Jeff Shannon jeff@ccvcorp.com
Tue, 04 Jun 2002 09:14:36 -0700


Russell Bungay wrote:

> Given my current status, I tend to favour 1, but over dial up would 2 or
> 3 make more sense?

Personally, I'd be inclined to use #2 in any case.  It depends not only on
your connection to your mailserver, but also to the connection to the
webserver that you're publishing your data on.  I'd think that you will
probably want to update the web page only once for each run of your script.
To my mind, the simplest way to do this is stepwise -- first grab all data,
then analyze all data, then publish the results.
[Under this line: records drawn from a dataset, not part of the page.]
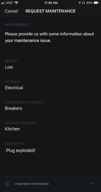Provide information about your maintenance request using the form within the App. See screenshots for reference.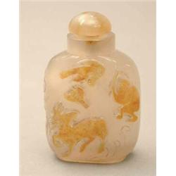 A grey agate rounded square snuff bottle, relief carved with a monkey, deer and bird, stopper, 2.25ins £80-120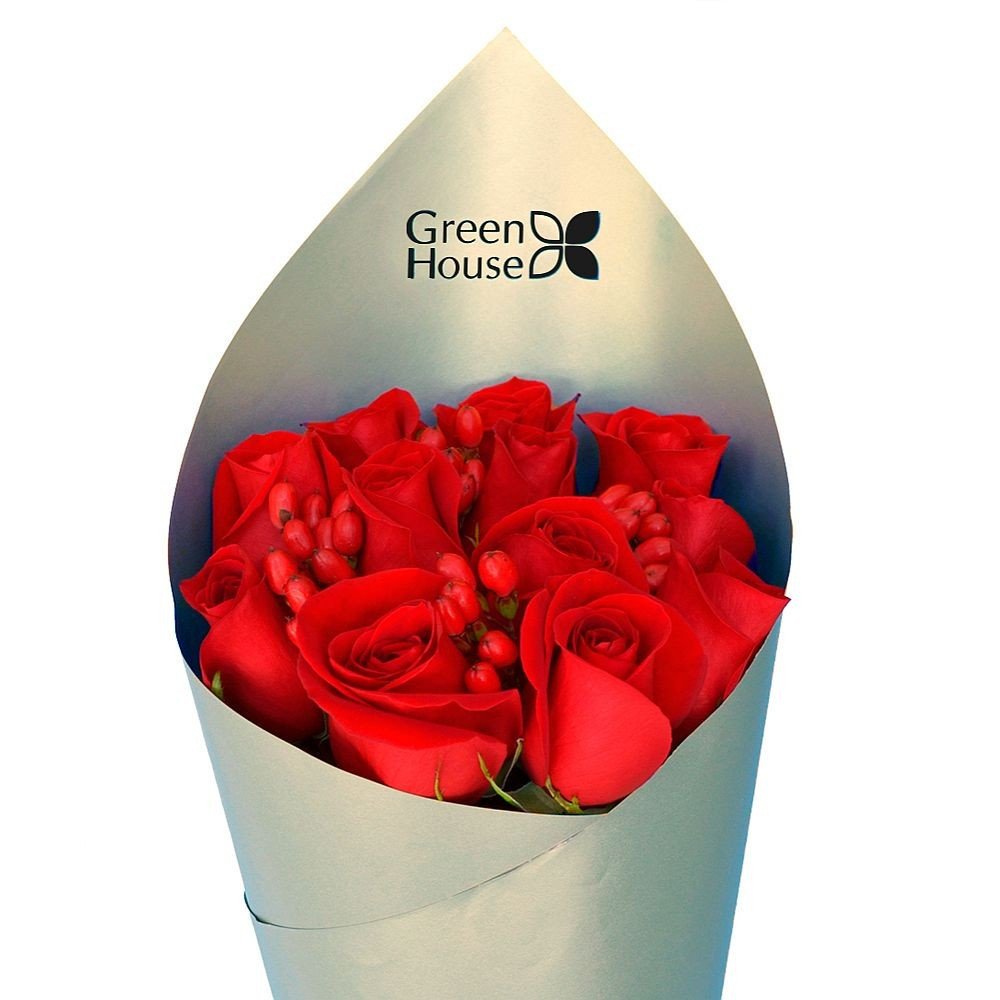 Exclusivo ramo de 12 rosas y follaje fino en papel decorativo especial color plateado. Color de las rosas según elección.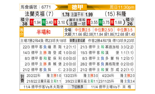 [德甲] 法兰克福vs科隆

If you *do* decide to use option #3 and go with threads, you will
*definately* want to look into the Queue module.  Queue does exactly what
you'd need for passing chunks of data from one thread to another, safely.
Your producer thread(s) add data to the Queue, your consumer thread(s) pull
data from the Queue, and the Queue itself will make sure that nobody steps
on each other's toes.  You could also have a separate "publisher" thread --
once your data has been analyzed by your parser thread, the results can be
put in another Queue to be pulled out by the publisher thread.  That thread
could accumulate results from multiple messages, and when the Queue is
empty, update your web page.  Or perhaps the publisher should wait for the
Queue to be empty for longer than some time limit, such as half a second, to
allow for some slight delays in the reading/parsing.


> I have never done any thread programming before (though Prog. Python
> makes it look easy enough), but I am concerned about different threads
> accessing the storage of the data at incompatible times and mucking it
> up and similar problems connecting to the mail server (I want to delete
> successfully analysed mails.)

Thread programming isn't *too* complicated if you're careful... ;)  If you
use a Queue to manage any data passed between threads, you'll probably be in
good shape.  Just be sure to think about all the possible conditions of "if
*this* thread does X before or after *that* thread does Y, what will the
effect be?"  It's easy to assume a particular order of occurrences, but with
threading those assumptions are dangerous -- if the order is important, then
you *must* enforce it with thread synchronization techniques (of which
Queues are perhaps the easiest...)

And, while I haven't done anything with IMAP mailservers, using poplib to
access POP3 accounts *is* indeed dead easy.  :)  (I sometimes check my home
email while I'm at work, by firing up the Python interpreter and
interactively poking through it with poplib...)

Jeff Shannon
Technician/Programmer
Credit International